In the 18th century when the Mughal empire set into a decline and the former satraps attained the status of suzerain rulers Anupshahr came to be located on the western periphery of the 'Nawabi' of Oudh (Avadh) and became an important garrison. Though the Nawab of Oudh soon lost control of the area, this small town long remained a cantonment of sorts.

In 1857, during the first war of independence the town of Anupshahr was the scene of incidents against British rule. One message of revolution was carried from Aligarh to Bulandshahr by Pandit Narayan Sharma on 10 May 1857. The Lord of Dadri and Sikandrabad destroyed inspection bungalows, telegraph offices and government buildings as they were symbols of foreign rule. Following recapture of Delhi by the Army of the East India Company and the subsequent assumption of direct responsibility for administering India by the British Crown the first Viceroy, Lord Canning on his march to Delhi camped at Anupshahr with his Army. (As per John Beames, "Memoirs of a Bengal civilian".

==Facilities==
Anupshahr is also known as Chotti Kashi ("Little Kashi"). It is located on the banks of the holy river Ganges. Krishna Temple is an important temple in the town.

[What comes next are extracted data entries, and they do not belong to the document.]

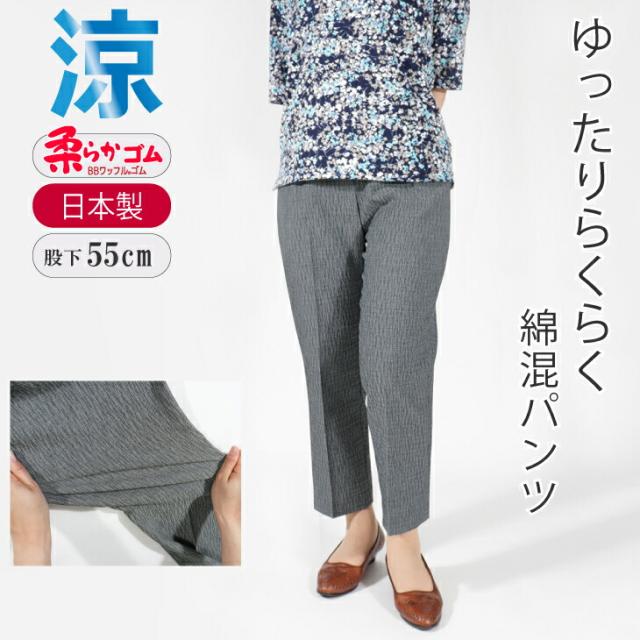 シニアファッション 涼しい おばあちゃん ズボン 80代 70代 日本製 綿混 パンツ 股下55cm 【品番9389】 送料無料 夏 おりなすとちお 母 プレゼント やわらかい ゆったり らくらく ウエストゴム
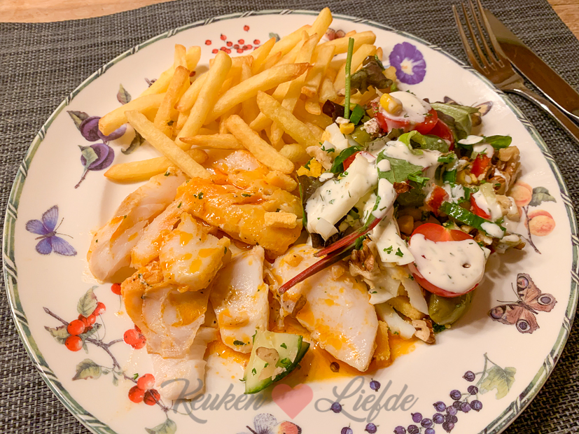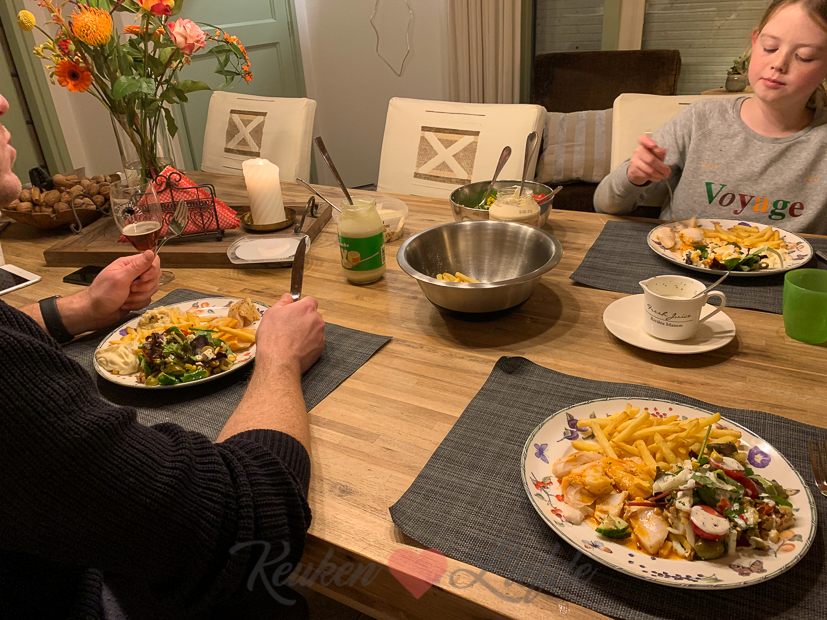 ’s Avonds eten we gebakken vis met frietjes en salade.
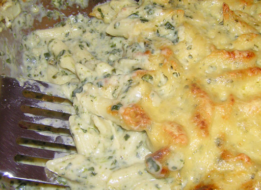 Ha tésztához készítjük, akkor beleteszünk még 2 tömlős sajtot (én a sparos 100 grammos tömlős sajtot szoktam venni). A penne tésztát sós vízben kifőzzük. Majd a lecsöpögtetett tésztát összekeverjük a kész spenóttal, tetejére reszelt sajtot szórunk. Sütőben kb. 10-15 percig 180 fokon sütjük, igazából csak annyi kell hogy az ízek összeérjenek és a sajt ropogósra süljön a tetején. Frissen a legjobb, mert másnapra a tészta megszívja magát.
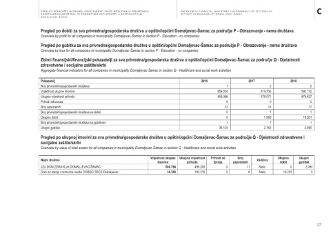 A Pregled pokazatelja finansijskog/financijskog poslovanja svih regled pokazatelja finansijskog/financijskog poslovanja svih Overview of financial indicators for all companies verview of financial indicators for all companies DOMALJEV A C-ŠAMA C O OVER VIEW OF FINANCIAL INDICATOR S F OR COMPANIES BY SEC TIONS OF A C
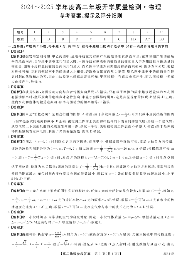 河南省开封市五县联考2024-2025学年下学期高二开学质量检测物理答案
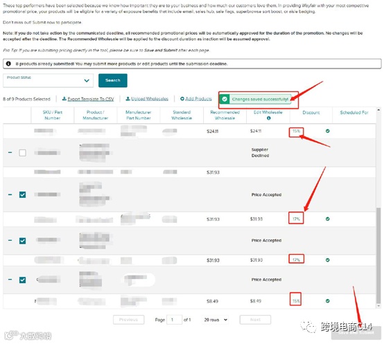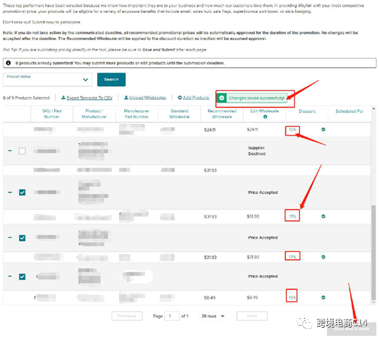 3. 勾选想要参加活动的产品,后面会出现平台给的产品折扣,跟零售价的设置一样,这里的折扣是平台系统根据产品的销售情况等后台数据计算出来的,不会全部一样,折扣越高,自然难销量的增加就越高。即使有的折扣太高计算下来利润被挤压,也可以适当设置一定产品数量进入活动,当做是前期提升销量的一种手段。全部填加完毕之后提交就可以了
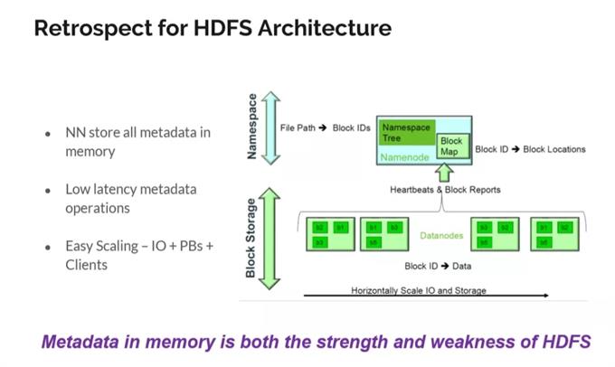 Scalability 主要是指 Hadoop 的分布式文件系统 HDFS 仍然有提高扩展性的需求和空间,后面会详细展开讲。Cloud 也是一个非常重要的方向,云上的对象存储甚至有取代 HDFS 成为云端大数据默认存储的趋势,所以 HDFS 如何与云端对象存储配合是一个重要的趋势。另一方面,随着机器学习 AI 的兴起,从数据存储的角度来看,这和传统大数据的存储方式很不一样,比如小的数据碎片会很多,这对 HDFS 带来了很多新场景和新挑战。
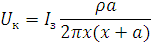 Визначить крокову напругу змінного струму на відстані 2м від джерела короткого замкнення на землю та оцініть струм через людину, якщо опір тіла, людини 1000 Ом, взуття - 20 Ом, питома провідність ґрунту – 30 Ом∙м, напруга джерела - 220В.
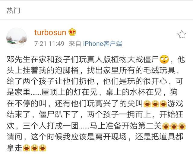 但是正在里面云云风景的邓超,正在家里天职位仿佛一面也没有下。7月21日,孙俪正在微专爆料,婉言邓超正在家里头顶泡足桶战孩子玩僵尸年夜战,一局下去,邓超借惨被孩子们欺侮,轮番进犯,完全拾失落了老女亲的威严。

Anupshahr has adequate educational facilities, with a post graduate degree college, a CBSE affiliated 10+2 school, and six intermediate colleges. Jaypee University has been established there under UP act no.8 2014 offering undergraduate courses in five streams namely Computer Science, Electronics and Communication, Information Technology, Civil and Mechanical Engineering Courses. University also offers BSC honours, BBA, BCOM, BA Courses. The Pardada Pardadi Educational Society, based in the town, is a non-profit organisation dedicated to the academic, economic and social empowerment of girls and women. Jaypee hospital has been established in Anupshahr by Jaypee Group and it provides best healthcare facilities. There are many ghats near river Ganga and people from far away come here to bathe in river Ganga on festivals.